The Use and Abuse of History   /   Summer 2022   /    Book Review

The Dream of Electric Sheep

And we don’t want to wake up.

Ryan Kemp

Ramelli’s reading wheel, Science History Images/Alamy Stock Photo.

We’ve got the Internet all wrong. Its raison d’être is not, as Mark Zuckerberg claims for his own corporation, to “strengthen our social fabric and bring the world closer together.” To the contrary, the Internet is a pernicious disease. It is—as Justin E.H. Smith argues in his new book, The Internet Is Not What You Think It Is—thoroughly “anti-human.”

The problem is straightforward: The Internet as we know and use it in our daily lives (the realm of Facebook, Google, Twitter, etc.) significantly limits our capacity for freedom in all the various and complex senses of the term. We might think about the proliferation of action-constraining algorithms and ubiquitous surveillance. Smith, a professor of philosophy at the University of Paris, admits that these things undermine our well-being, but he focuses instead on the so-called crisis of attention: the idea that the Internet is ferociously adept at cultivating distraction.

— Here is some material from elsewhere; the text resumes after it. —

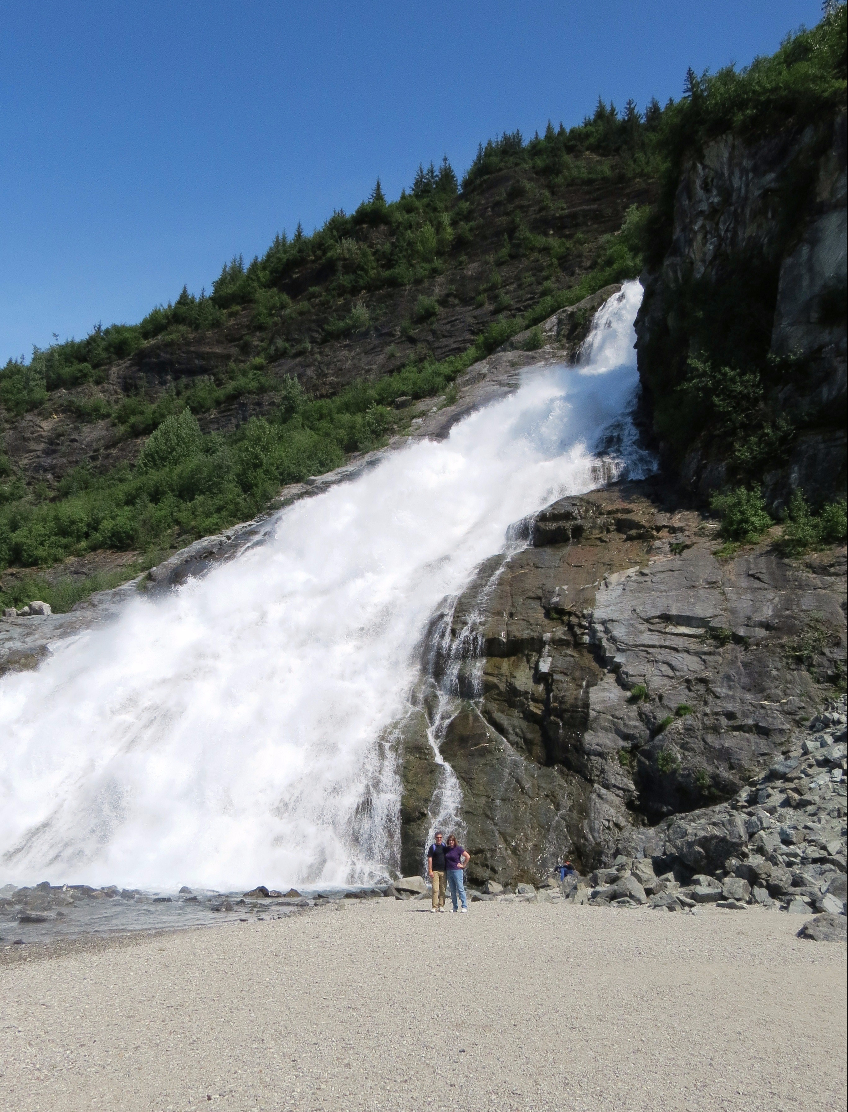 075 Mar13 Published at 2731 × 3584 in Mendenhall Glacier ← Previous Next → David and Susan at the base of Nugget Falls
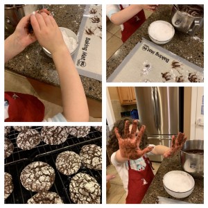 I recruited my children to help me bake Chocolate Pretzel Crinkle Cookies one snowy Saturday night in January. My two-year-old son, Ari, helped dump items into a bowl to create the batter, while my eight-year-old daughter, Isabell,e volunteered to roll the cookies into balls and coat them with powdered sugar. Sounds idyllic, right? Here’s the thing: the dough was super-sticky! Isabelle felt as though she was failing when she was unable to roll the dough into balls so we could coat the dough-balls in powdered sugar. After several attempts, she watched as I continued to struggle as the dough stuck to my hands. The end result was a cookie that Isabelle declared “tastes like a snow day.”

The intensity of our collective distraction is historically unprecedented, and for obvious reasons. Most importantly, the power players in our online experience—the pillars of what Smith calls the “phenomenological Internet”—are financially invested, and deeply so, in training users to flit quickly and continuously from one hyperlinked stimulus to another. This activity, online flitting, thrives on baiting inclinations that rarely reflect our best selves. (I really need to finish writing this essay, but—look!—photos of Kendrick Lamar’s beachside estate. Or, on your part, the herculean effort it takes to read this review without lapsing into skim mode or taking a YouTube retreat.) The satisfaction of immediate desires does, however, offer significant chemical rewards, and, over time, these dopamine drops create brain ruts that make sustained progress on life’s more enduring (and, presumably, significant) projects all the harder.